[Provided data]
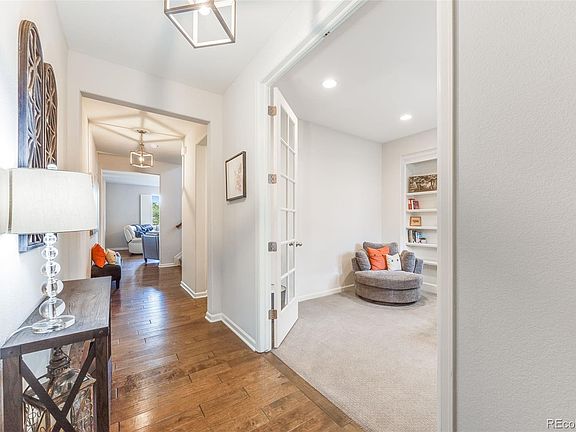 Discover resort-style living in the exclusive gated community of Backcountry, where this beautifully maintained 5-bed, 4-bath home offers an exceptional blend of space and sophistication. Inside, you’ll find 9-foot ceilings, plantation shutters, a main-floor office with custom built-in shelving, a spacious second-floor loft, and a finished basement. The first floor boasts rich walnut-stained hardwoods and a cozy family room with a gas fireplace framed in stone. The gourmet kitchen, seamlessly connected to the family room, is equipped with updated stainless-steel appliances, including a new Bosch refrigerator and a GE Café induction cooktop, mocha-stained 42" cabinets, a stylish subway tile backsplash, and a center island. A walk-in pantry and Quartz countertops complete the space. Outside, the two-tiered patio overlooks a large professionally landscaped backyard with a covered area, perfect for enjoying Colorado’s nights. Upstairs, a large loft area is accompanied by three secondary bedrooms and a full bath featuring dual vanities.The primary suite is accessed through double doors and includes a luxurious ensuite with a soaking tub, dual vanities, and a walk-in closet with custom Elfa shelving. The finished basement offers a second family room/game room, an additional bedroom with a walk-in closet, a ¾ bath, and a large storage room. New: exterior paint, whole house fan, epoxy floors and storage shelves in garage, and additional landscaping. Residents enjoy access to all four Highlands Ranch recreation centers, as well as the private Sundial Backcountry clubhouse, which includes a resort style pool, a modern fitness center, a viewing lounge, and an event space. With scenic Backcountry trails and community parks nearby, outdoor activities are just steps away! Don’t forget to visit the new coffee shop located right at the entrance. This property qualifies for a 1% interest rate reduction for the 1st year paid for by preferred lender.
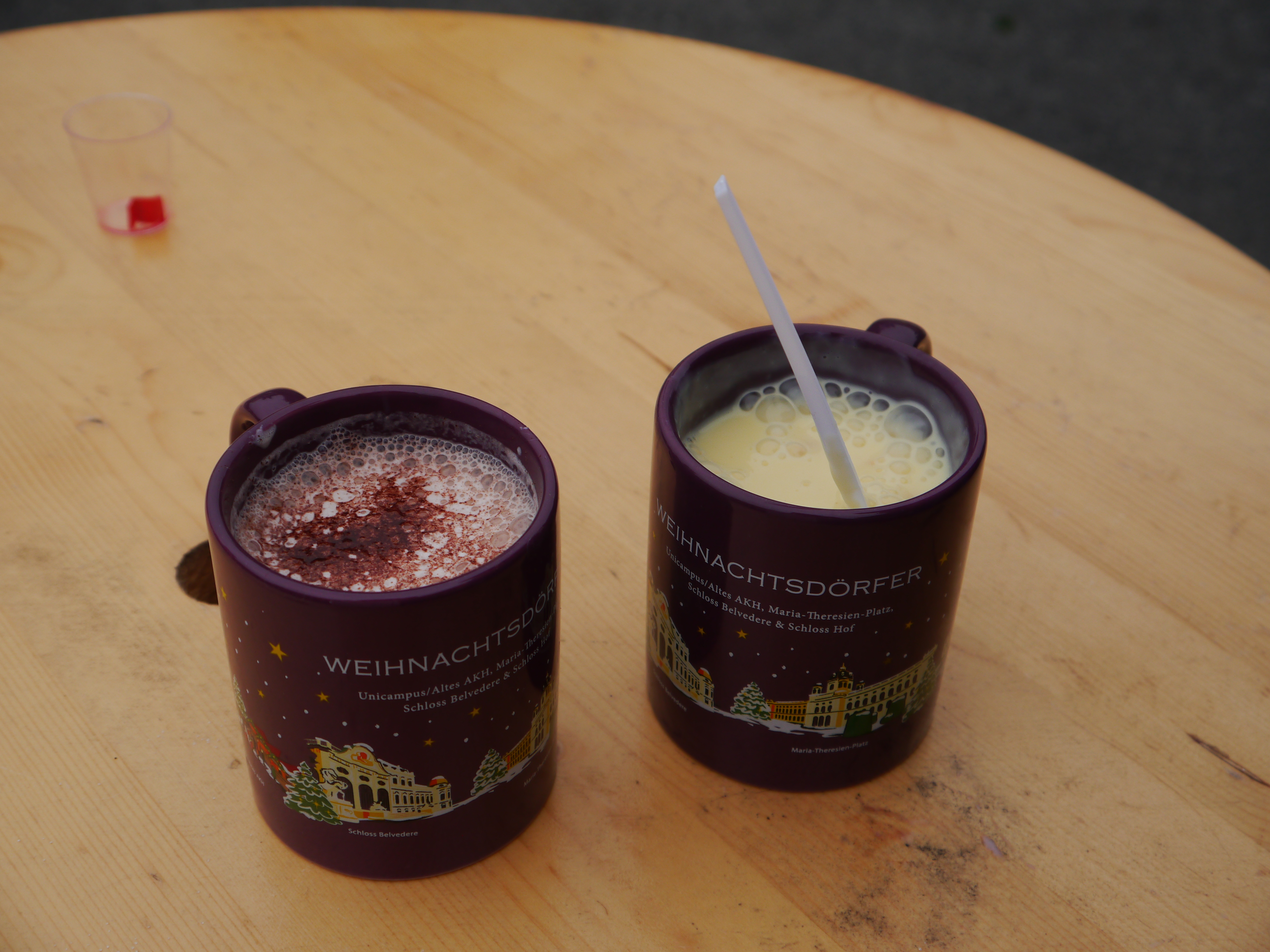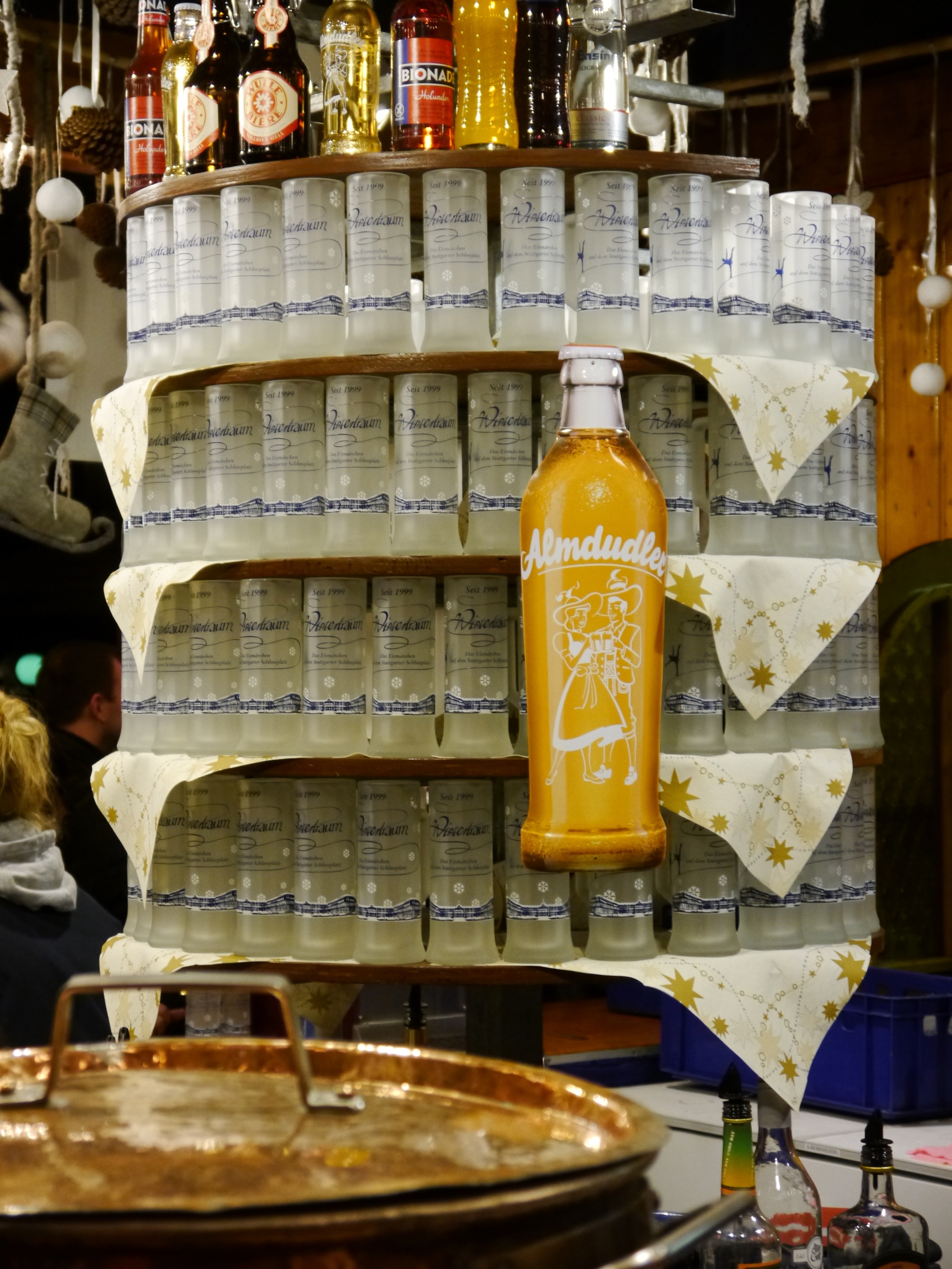 One of the staples of the Christmas markets is Gluhwein (warm red or white wine), but there is also a choice of “Punsch” (alcohol or alcohol frei) and hot chocolate – all of which is served in coffee-like mugs that are customized to the Christmas market that serves them. So far, I have 12. I figure they will make cute candle holders each Christmas. There is the option of turning them back in (you pay a “pfand” or deposit on each cup that you can get back – but seriously, the mug is totally worth the 2E pfand!)
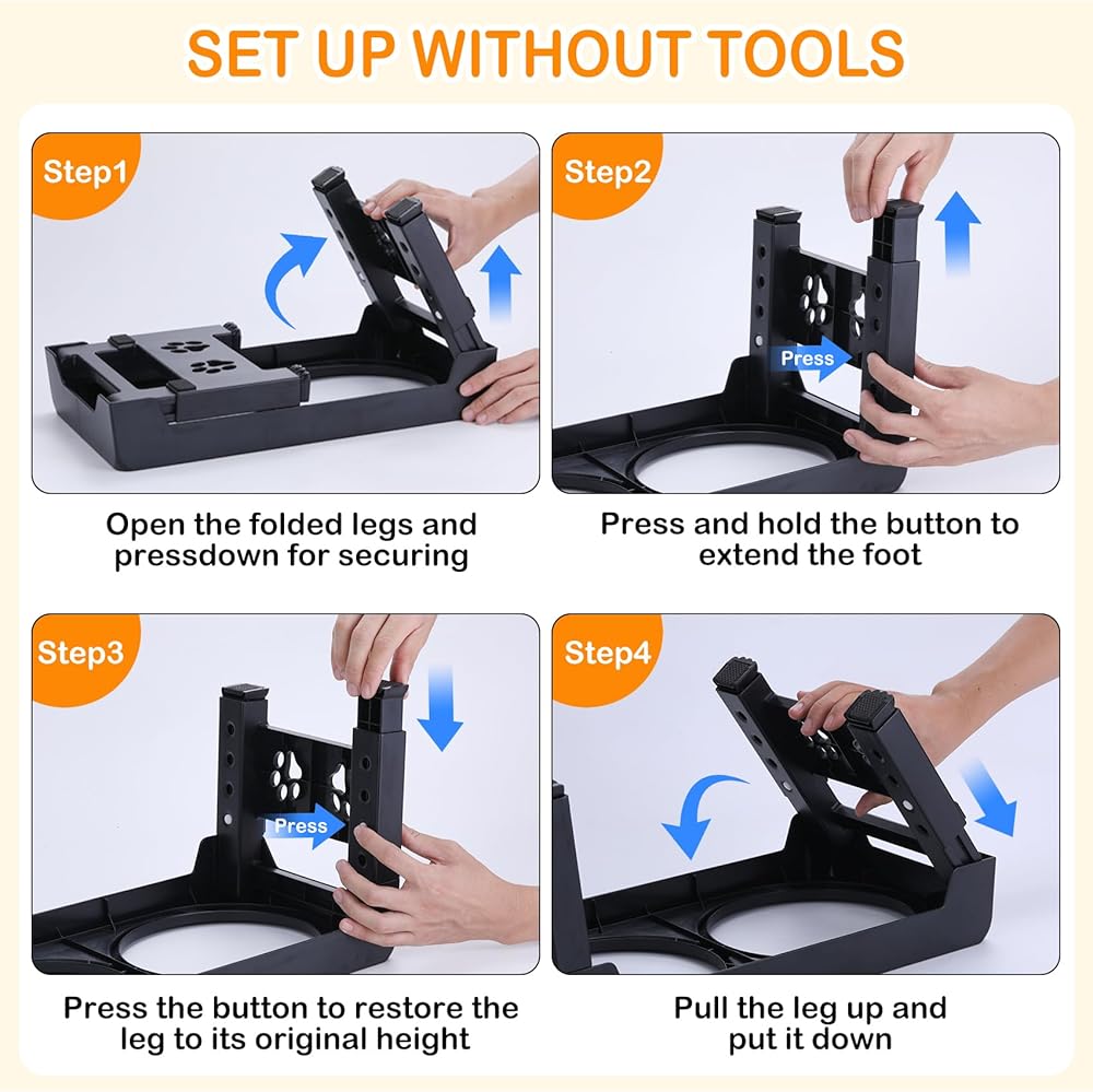 High Quality and Durable: The dog feeding & watering supplies adopts high-quality ABS materials, safe and comfort for pets. Adjustable raised dog bowl stand reaches the ideal height meets small medium large dogs in order to reduce strain on their neck and back.
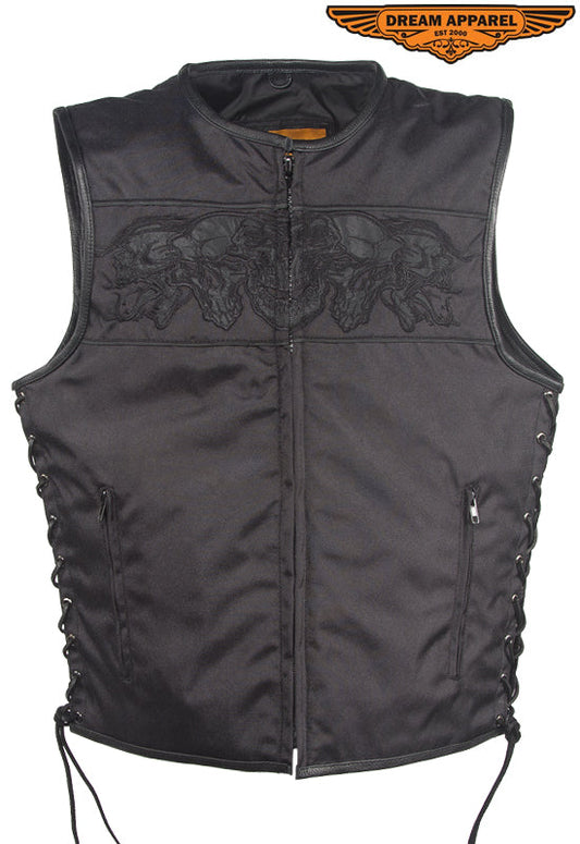 Mens Black Textile Motorcycle Vest With Reflective Skulls Across Chest & Back
[/Provided data]
Prompt: The material is to be reproduced verbatim, and no picture may appear in the copy.

Response:
 Discover resort-style living in the exclusive gated community of Backcountry, where this beautifully maintained 5-bed, 4-bath home offers an exceptional blend of space and sophistication. Inside, you’ll find 9-foot ceilings, plantation shutters, a main-floor office with custom built-in shelving, a spacious second-floor loft, and a finished basement. The first floor boasts rich walnut-stained hardwoods and a cozy family room with a gas fireplace framed in stone. The gourmet kitchen, seamlessly connected to the family room, is equipped with updated stainless-steel appliances, including a new Bosch refrigerator and a GE Café induction cooktop, mocha-stained 42" cabinets, a stylish subway tile backsplash, and a center island. A walk-in pantry and Quartz countertops complete the space. Outside, the two-tiered patio overlooks a large professionally landscaped backyard with a covered area, perfect for enjoying Colorado’s nights. Upstairs, a large loft area is accompanied by three secondary bedrooms and a full bath featuring dual vanities.The primary suite is accessed through double doors and includes a luxurious ensuite with a soaking tub, dual vanities, and a walk-in closet with custom Elfa shelving. The finished basement offers a second family room/game room, an additional bedroom with a walk-in closet, a ¾ bath, and a large storage room. New: exterior paint, whole house fan, epoxy floors and storage shelves in garage, and additional landscaping. Residents enjoy access to all four Highlands Ranch recreation centers, as well as the private Sundial Backcountry clubhouse, which includes a resort style pool, a modern fitness center, a viewing lounge, and an event space. With scenic Backcountry trails and community parks nearby, outdoor activities are just steps away! Don’t forget to visit the new coffee shop located right at the entrance. This property qualifies for a 1% interest rate reduction for the 1st year paid for by preferred lender.
 One of the staples of the Christmas markets is Gluhwein (warm red or white wine), but there is also a choice of “Punsch” (alcohol or alcohol frei) and hot chocolate – all of which is served in coffee-like mugs that are customized to the Christmas market that serves them. So far, I have 12. I figure they will make cute candle holders each Christmas. There is the option of turning them back in (you pay a “pfand” or deposit on each cup that you can get back – but seriously, the mug is totally worth the 2E pfand!)
 High Quality and Durable: The dog feeding & watering supplies adopts high-quality ABS materials, safe and comfort for pets. Adjustable raised dog bowl stand reaches the ideal height meets small medium large dogs in order to reduce strain on their neck and back.
 Mens Black Textile Motorcycle Vest With Reflective Skulls Across Chest & Back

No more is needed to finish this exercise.